Long-term Extension Study of the Safety and Pharmacokinetics of QCC374 in PAH Patients

Pulmonary Arterial Hypertension Clinical Trial

Official title:

Long-term, Open Label, Multicenter, Extension Study to Evaluate the Safety and Tolerability of QCC374 in Patients With Pulmonary Arterial Hypertension (PAH)

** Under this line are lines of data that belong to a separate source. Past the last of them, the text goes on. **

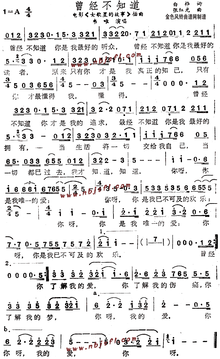 曾经不知道(《女歌星的故事》插曲)[简谱]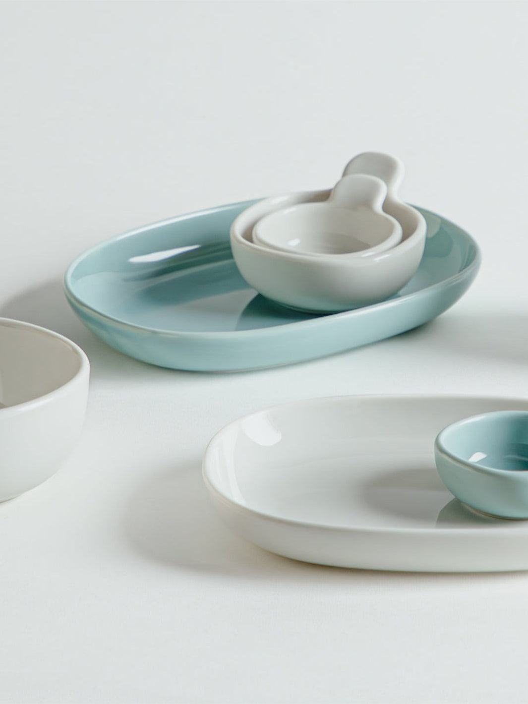 The wide range of shapes can be combined in various ways to accommodate diverse dishes. NEST is designed for easy handling by kids and comfortable feeding by parents, and the rounded shape makes it easy to scoop. Bowls and plates can be stacked for compact storage.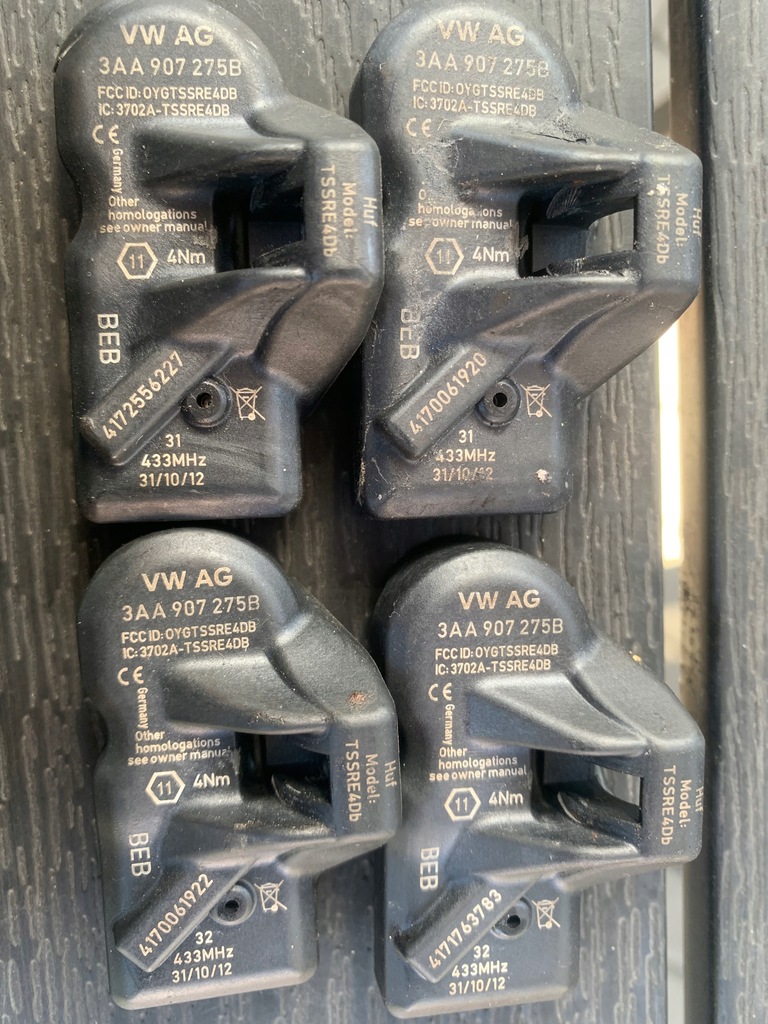 czujniki ciśnienia powietrza TPMS oryginał VW AG nr katalogowy 3AA907275B - sprawdzone , gotowe do zamontowania , sprawna bateria - możliwość montażu i pełny serwis w zakresie programowania.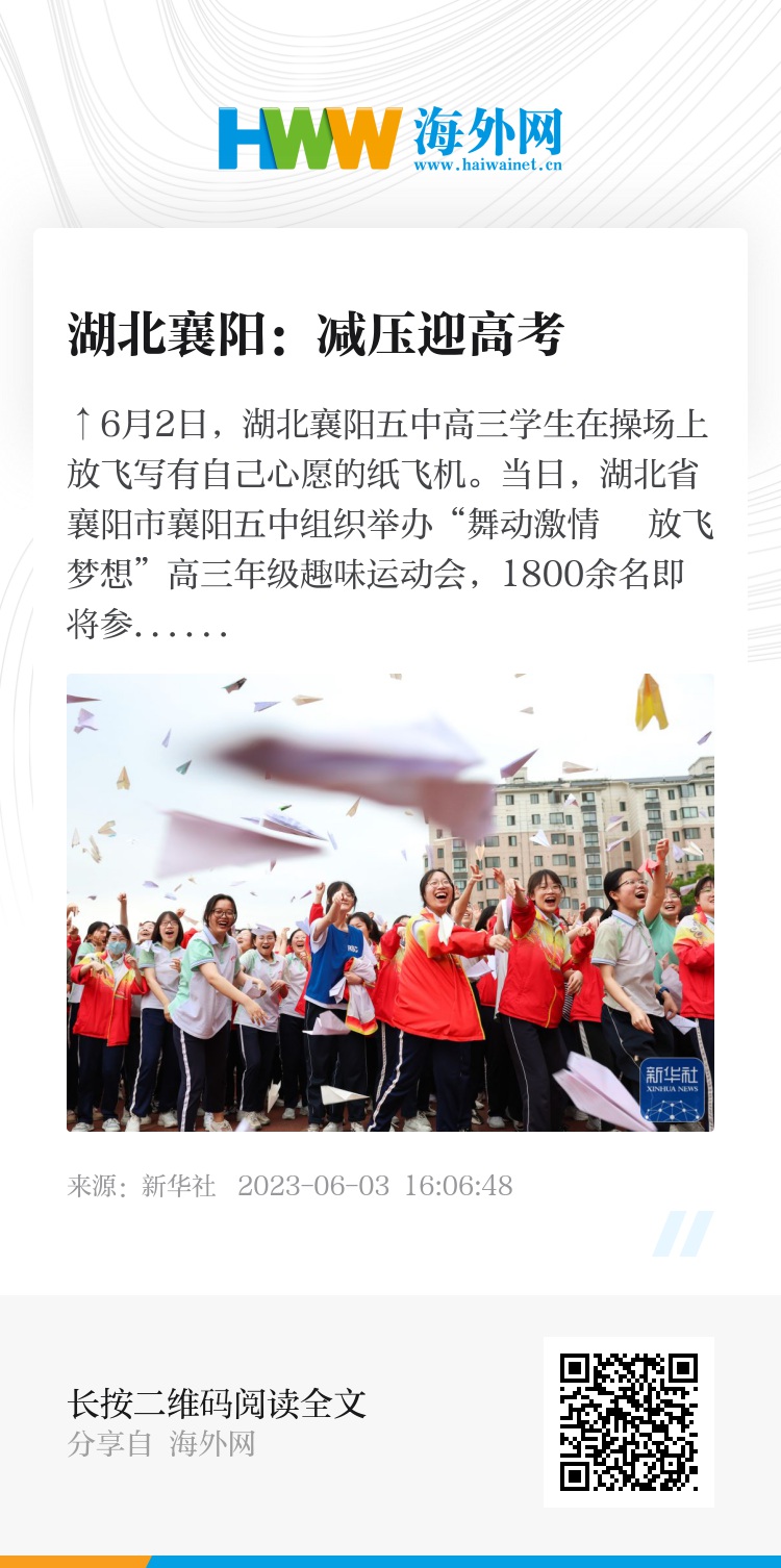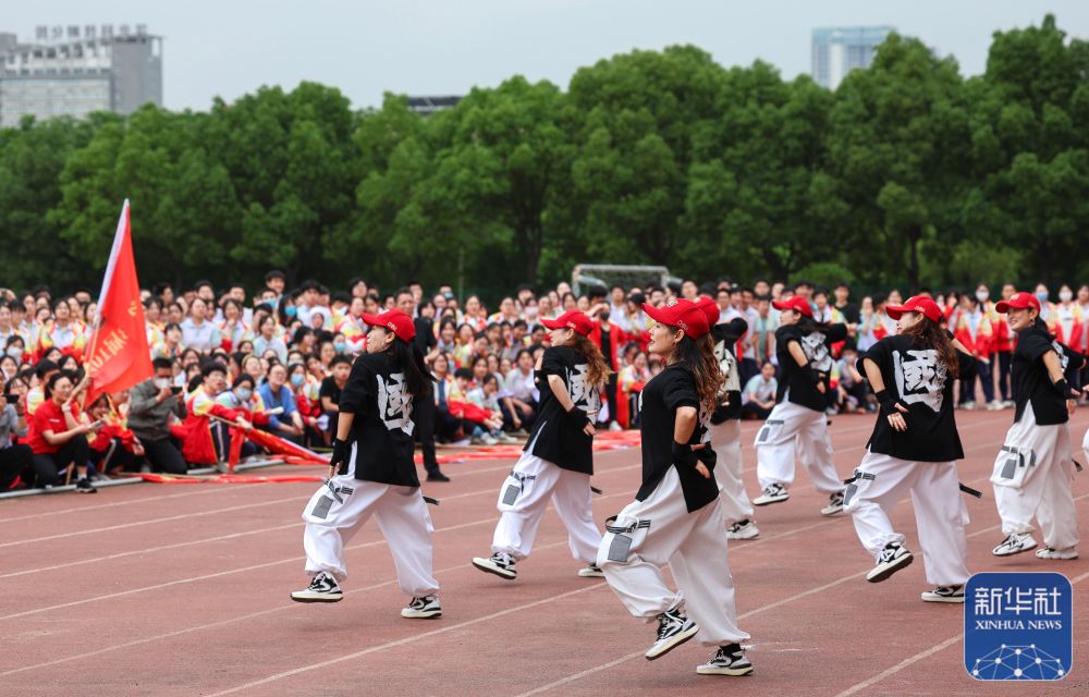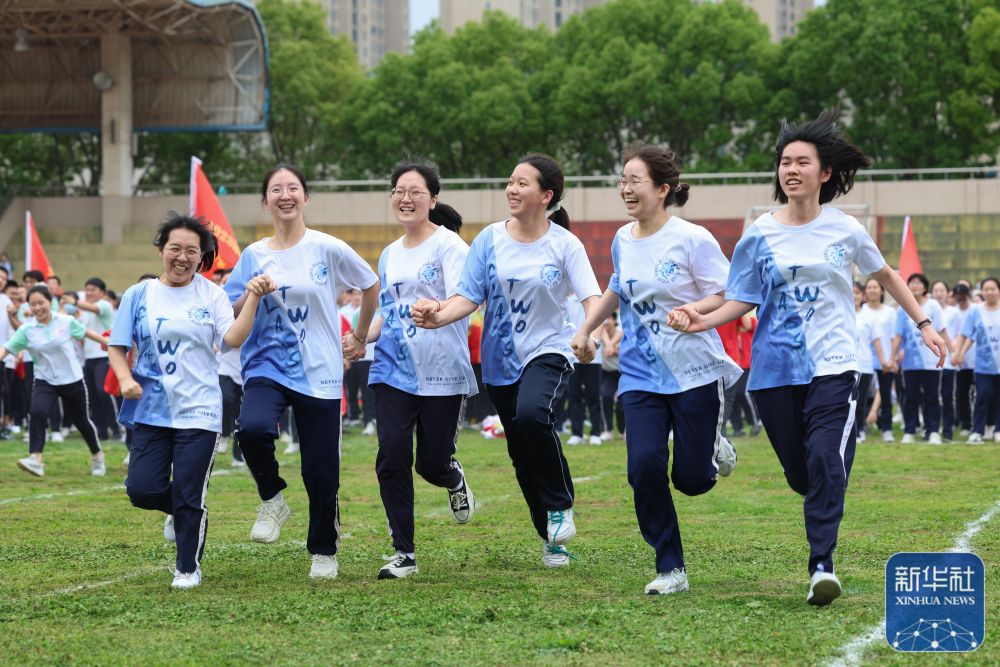 当日,湖北省襄阳市襄阳五中组织举办“舞动激情 放飞梦想”高三年级趣味运动会,1800余名即将参加高考的学生在趣味游戏中释放身心压力。新华社发(杨东摄)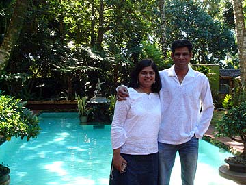 Pavan and Vasudha beside the Kadavul Temple pool.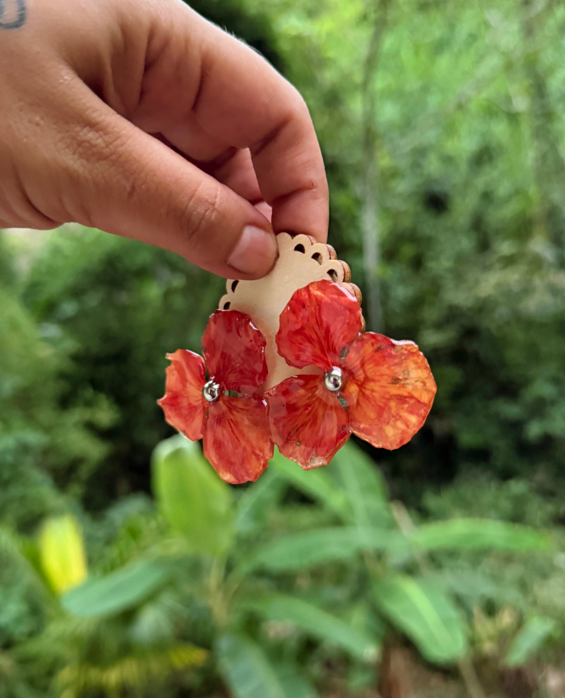 Pantallas artesanales creadas con pétalos reales de flamboyan del pueblo de Isabela Puerto Rico, estas piezas son de aproximadamente 2” pulgadas de ancho por pantallas, livianas con el gancho de atrás en acero inoxidable.
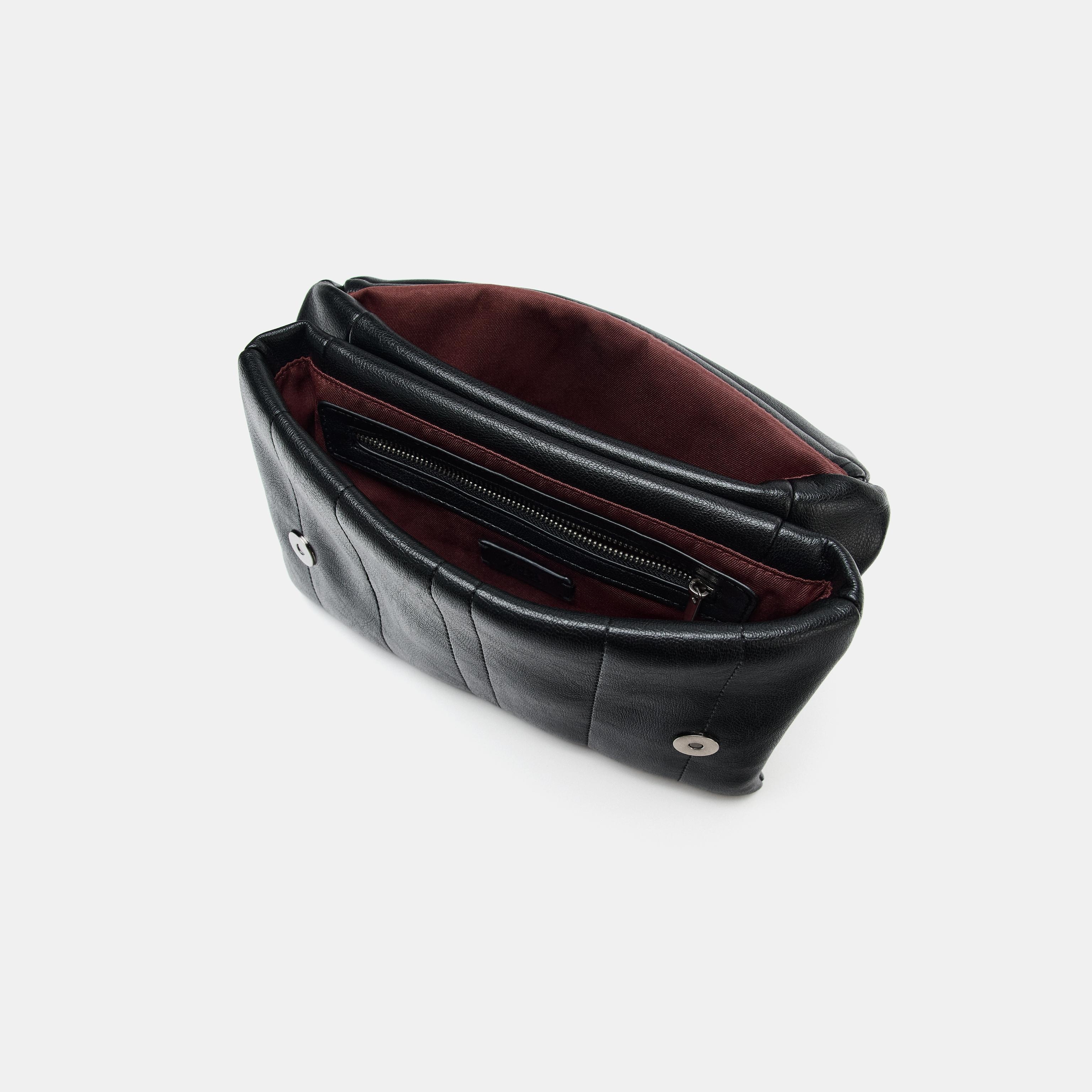 حقيبة كروس أنيقة بلون أسود كلاسيكي، مصنوعة من خامة صناعية عالية الجودة، بتصميم مبطن عصري مع سلسلة كتف معدنية مزينة بتعليقات أنيقة. مزودة بثلاثة أقسام داخلية عملية وإغلاق أمامي بغطاء مع مشبك مغناطيسي، لتمنحك مزيجًا مثاليًا من الأناقة والوظيفية في الاستخدام اليومي أو المناسبات.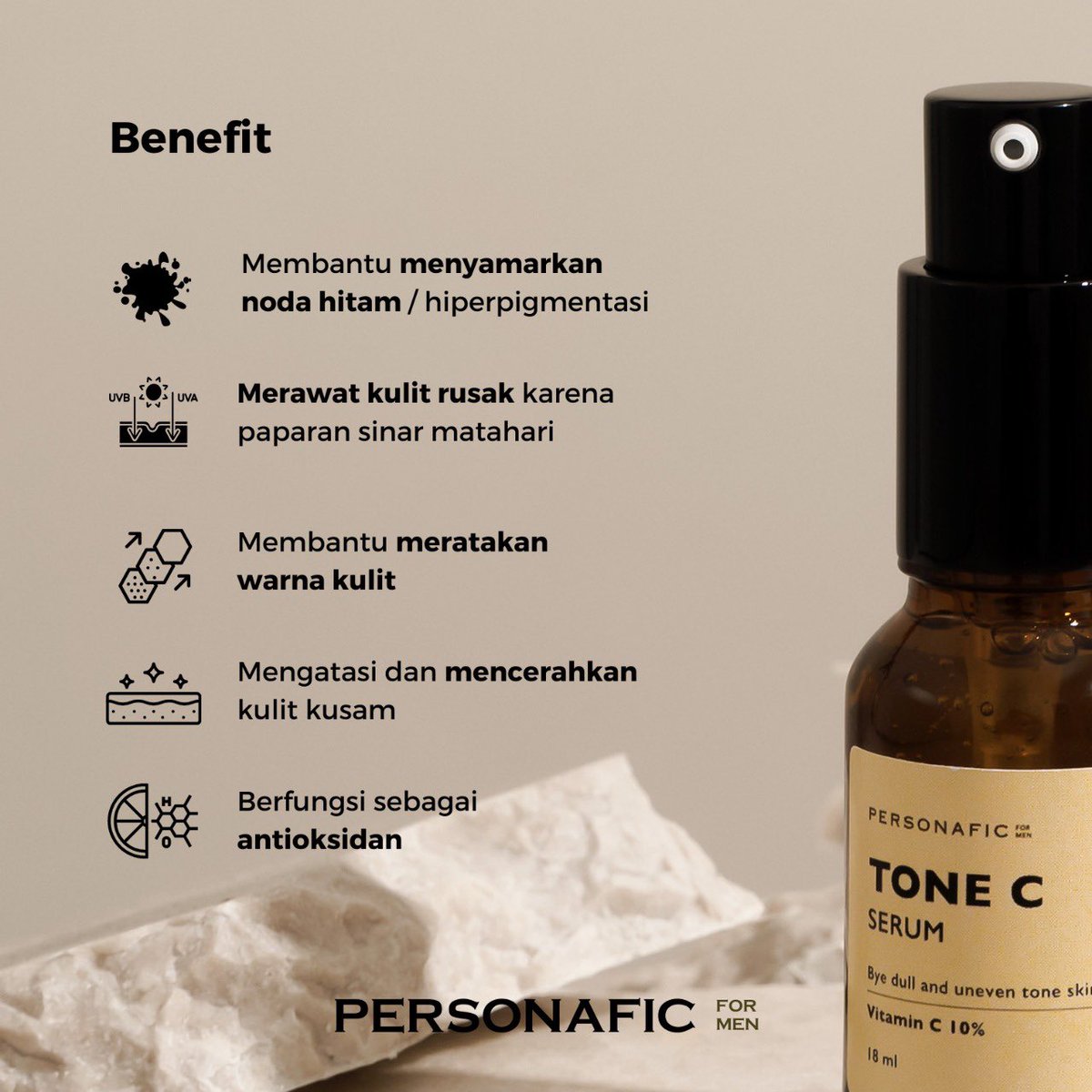 Serum khusus cowok yang fokusnya memperbaiki kulit rusak akibat paparan sinar matahari, seperti kulit kusam, noda hitam, kulit belang dan tanda penuaan. Kalau serum seperti ini asalkan penggunaan konsisten, anti dekil lah!
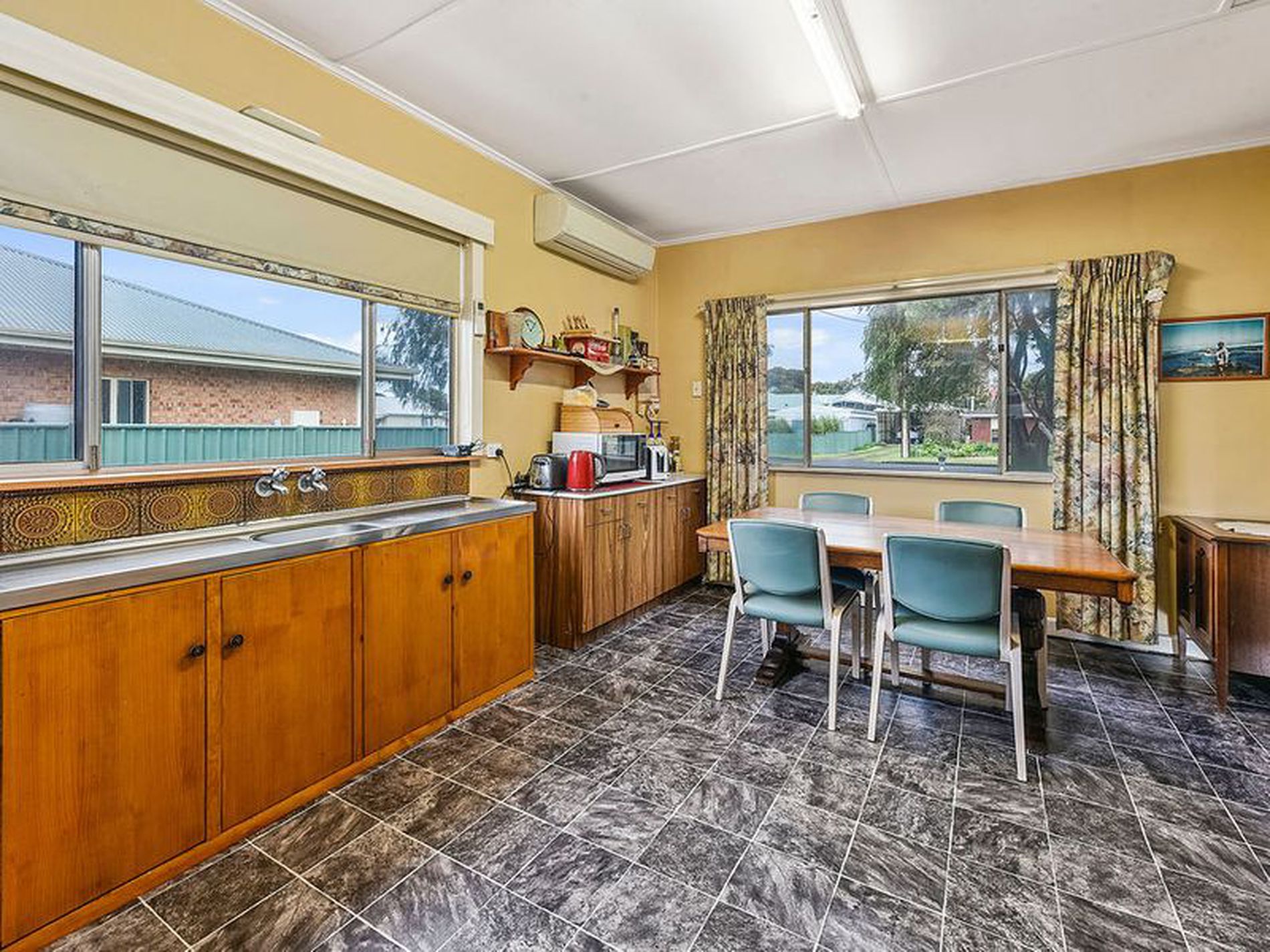 Enter into the lounge where the warmth of the large slow combustion wood heater will keep you comfortable throughout winter. Plus a Reverse Cycle air conditioning unit in the kitchen.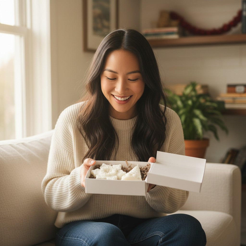 Jede Kerze wird liebevoll und sicher verpackt – bereit, um verschenkt oder direkt genossen zu werden.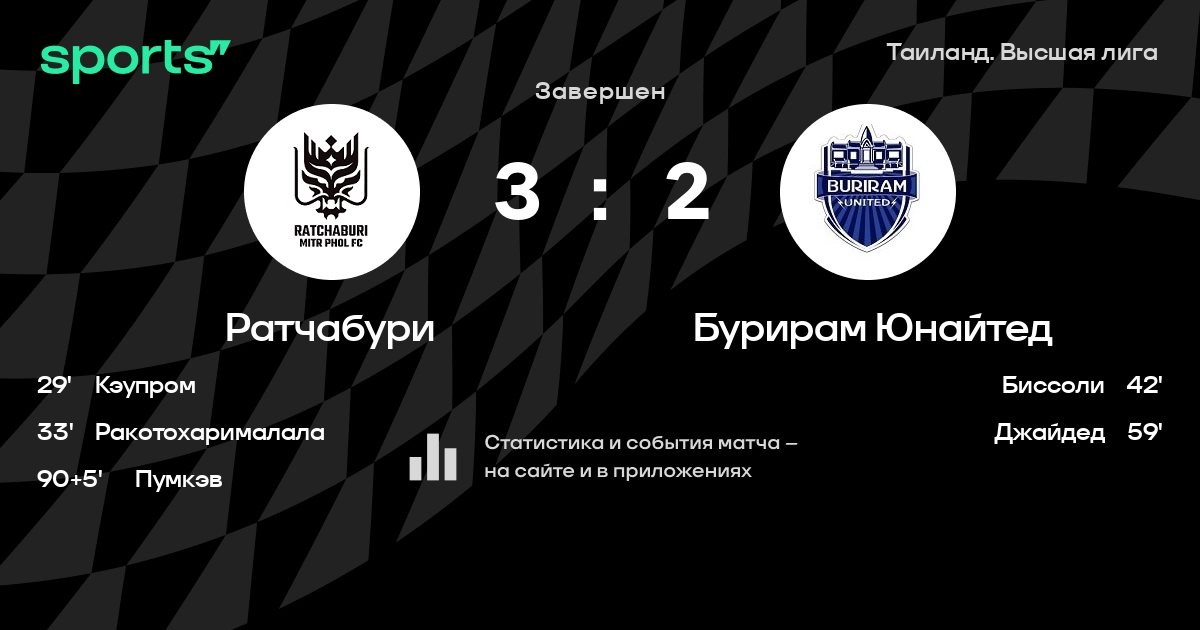 Ратчабури – Бурирам Юнайтед: Бурирам Юнайтед не проигрывает в 9 последних матчах против этого соперника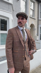 Moška tridelna obleka iz volnenega tvida, vzorec ribje kosti, rjava, modra, karo, Gatsby iz 20. let 20. stoletja

Clinical Trial Details — Status: Terminated

Administrative data

• NCT number: NCT02939599
• Other study ID #: CQCC374X2201E1
• Status: Terminated
• Phase: Phase 2
• Start date: February 1, 2018
• Est. completion date: November 6, 2018

Study information

• Verified date: February 2020
• Source: Novartis
• Contact: n/a
• Is FDA regulated: No
• Study type: Interventional

Clinical Trial Summary

This is a long-term open-label safety extension to the Phase 2a study of inhaled QCC374 in adult patients with PAH. This study provides the patients who completed the QCC374X2201 study with the option to continue receiving QCC374. The study will monitor the long-term safety, tolerability and efficacy of QCC374 in patients with PAH.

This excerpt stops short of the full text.